Why You Should Track Your Kid’s Cell Phone

Conclusions1

Suspecting a teen of wrongdoing is almost as easy as breathing – after all, parents remember what they were like as teens, and the truth is that any given teen is likely to be hiding something.

It could be something as minor as the grade on their last homework assignment or as serious as a drug problem. Teenagers habitually hide things out of a desire for privacy – and one of the major arguments against tracking cell phones is that teens deserve to have that privacy.

But when you track kids’ cell phones, that doesn’t necessarily mean you’re violating that privacy. You’re doing your job as a parent and giving yourself the information you need to approach your child when they’re doing something that’s actually a problem.

Dealing With Suspicions

There aren’t too many options when you’re suspicious about a child’s behavior. In fact, there are only three choices that are even vaguely reasonable.

Confrontation means bringing the issue up and essentially requiring the child to defend themselves. This will immediately make them upset and undermine the trust you have… especially if they believe (correctly or incorrectly) that you’re wrong about the issue and they’re being attacked unfairly. This is especially damaging to a relationship if it happens over and over – imagine a married couple where one member constantly accuses the other of cheating and you can see how bad things might get.

Ignoring often involves putting a level of trust in the child. Every parent wants to believe that their child is mature and worthy of the trust, any many children are. But even the most level-headed teen is constantly dealing with the emotional and physical strains of growing up, and that means their judgement will be compromised, at some points. Do you really want to leave your child’s safety to chance?

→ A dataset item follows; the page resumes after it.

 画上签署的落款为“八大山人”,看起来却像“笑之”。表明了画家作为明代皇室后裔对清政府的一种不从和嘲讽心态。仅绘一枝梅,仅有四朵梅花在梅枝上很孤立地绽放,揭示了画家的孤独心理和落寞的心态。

Monitoring is a sensible attempt to get more information before making your final decision. One of the worst things you can do is confront a child when you have no evidence. That bag of brown dust might look like drugs, but if it was actually a special sugar blend they were going to use when baking a surprise dessert for you, then you’re going to feel very awkward about yelling at your teen when the truth comes out.

Put simply, jumping to conclusions is always a bad plan for dealing with teens. Monitoring puts a stop to this, allowing you to put the helpful maxim “trust, but verify” into practice.

The Value of Information

Kids use their phones for almost everything these days, so let’s look at what happens when you track kids cell phones to get more information on what they’re doing.

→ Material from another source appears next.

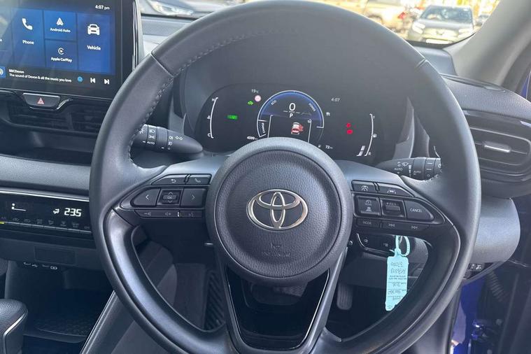 7" Digital Combimeter, Adaptive cruise control, Adjustable speed limit with speed warning, Bluetooth connectivity, Colour binocular inspired displays with digital speedometer, E-call, Electric power steering, Hybrid energy display, Multi information display switches on steering wheel, Reversing camera, Smartphone integration with Apple CarPlay and Android auto, Tailgate, Voice recognition, Vehicle Stability Control (VSC), 4 speakers, 9" Multimedia touch display, Toyota Touch 3 system with DAB radio, USB connection, Acoustic windscreen glass, Auto windscreen wipers, Automatic headlights, Body coloured door mirrors, Electric adjustable heated door mirrors, Follow me home headlights, Front auto power windows with anti jam protection, Full LED rear lights, LED daytime running lights, LED front fog lights, LED front light guide, LED Headlights, LED High mounted stop lamp, LED Indicators, LED rear light guide, Manual headlight levelling, Painted chequered front grille, Rain sensor, Rear auto power windows with anti jam protection, Rear privacy glass, Rear side wing doors, Rear spoiler, Rear wiper, Shark fin antenna, Turning signal integrated indicators in door mirrors, Variable front intermittent wipers, 3 adjustable rear headrests, 3 seat bench in 2nd row, 3 spoke leather steering wheel, 60/40 split folding rear seat, Active headrests, Adjustable boot height, Auto air conditioning, Coat hooks in rear grab handles, Cup holders (2 front & door), Data Communication Module (DCM) connected services, Fabric upholstery, Front armrest, Glovebox, Grey roof lining, Height adjustable driver's seat, Isofix seat fixing, Leather gearshift, Pollen filter, Shopping bag hooks, Single front passenger seat, Tilt/telescopic steering column, 3 point seatbelts on all rear seats, ABS+EBD+Brake assist, Electronic parking brake, Emergency brake light system (EBS), Front passenger airbag on/off switch, Front seatbelt reminder, Hill start assist control (HAC), Rear child proof door locks, Rear seat belt reminder, Supplemental Restraint System (SRS) 8 airbags: Driver & passenger's airbags, dual side curtain airbags, side impact airbags, front centre airbag, Toyota Safety Sense 3 with over the air updates, Tyre pressure warning system, 2x Master key, Alarm/immobiliser, Remote powered central double locking doors, Soft touch instrument panel, Space saver spare wheel,

In the best scenario, monitoring the phone could prove you were worried about nothing. All that happened was you discreetly checking on on their story just to be sure – and that’s a very responsible thing to do.

In this scenario, you’ll have avoided making your teen upset with a false accusation and obtained some reassurance that they’re not getting themselves into trouble. It’s really no different from occasionally checking your child’s bag to be sure there’s nothing in it that shouldn’t be.

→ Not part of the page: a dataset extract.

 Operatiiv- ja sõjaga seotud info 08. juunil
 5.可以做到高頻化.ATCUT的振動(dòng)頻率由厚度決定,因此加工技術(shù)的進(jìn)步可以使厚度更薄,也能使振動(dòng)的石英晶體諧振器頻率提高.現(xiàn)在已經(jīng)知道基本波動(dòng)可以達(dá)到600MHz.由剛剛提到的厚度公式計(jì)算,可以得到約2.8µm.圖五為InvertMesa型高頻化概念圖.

However, it’s also true that you could find something incriminating on their phone. If you do, you’ll be able to confront your teen with solid evidence about their wrongdoing, linking any objections and punishments to proof instead of supposition.

Either scenario will allow you to have a more productive conversation with a teen, talking to them about their actions and helping them to improve themselves. Remember, this applies even for teens who haven’t done anything wrong – you can simply explain to them that you noticed certain behaviors, but decided to trust in your teen this time. However, they might want to think about how they’re acting and how it could make other people suspicious of them….

Remember, most teens are extremely ashamed of being caught while doing something wrong. They’re often willing to accept the punishments you give, and probably won’t hold it against you, but the shame will bother them for quite a long time.

Responsible Parenting

Conclusions2

A responsible parent is one who comes to a discussion with facts, avoids jumping to conclusions, and will at least listen to a teen’s explanation of their behavior. Monitoring a teen’s phone is one of the best ways to avoid jumping the gun and falsely accusing them of wrongdoing when they didn’t actually mess up. It can also help any parent avoid overreacting to smaller issues – there’s no need to confront a teen about every small lie or attempt to hide things, since in the long run, they’ll just get more creative about hiding things.

Rather, the ability to track kids cell phones can actually be more conducive to building a positive relationship with a teen and ensuring they’re ready to face the challenges ahead of them. The truly responsible parent is focused on raising their child the best way they can, even if that child would disapprove of some of the methods used. We’re the first to admit that it’s not easy to be a great parent, since sometimes you do have to play the part of a villain… but in the end, responsible parenting can make a real, positive difference in a child’s life. If nothing else, you’ll be able to do away with false suspicion and focus your efforts on building a relationship up instead of tearing it down.

It’s not always easy to find the right balance when checking in on a teen, so here are some tips for using phone monitoring responsibly:

  • Decide whether or not you want to tell the teen that you’re monitoring them. Both viewpoints have their merits – a reminder that they’re being watched can encourage teens to behave, while secret observations can help you find out the truth without the teen knowing about it. This is a case-by-case decision and should be handled based on the child’s history and your level of trust in them.
  • If you do tell the teen about it, emphasize the software as a way to demonstrate that they deserve your trust. Focus on the location monitoring aspect of the software – if the phone proves they’re going only where they said they were, then they’re great! Don’t forget to remind them of their ability to call you if their plans change – and be generous when approving of schedule changes.
  • Look at the child’s behavior over time. Many teens have areas where they lie the most frequently – understanding why they’re lying about any given topic can help you decide whether or not it’s worth confronting them about. Sure, they may have a secret girlfriend – but maybe they just haven’t told you because they aren’t sure how serious it is and don’t want to be made fun of if they split up a few days later.
  • Regularly check the reports on your child’s activity. Today’s teens often use their phones for many hours a day, so you’ll need to be vigilant if you want to spot issues as they arise.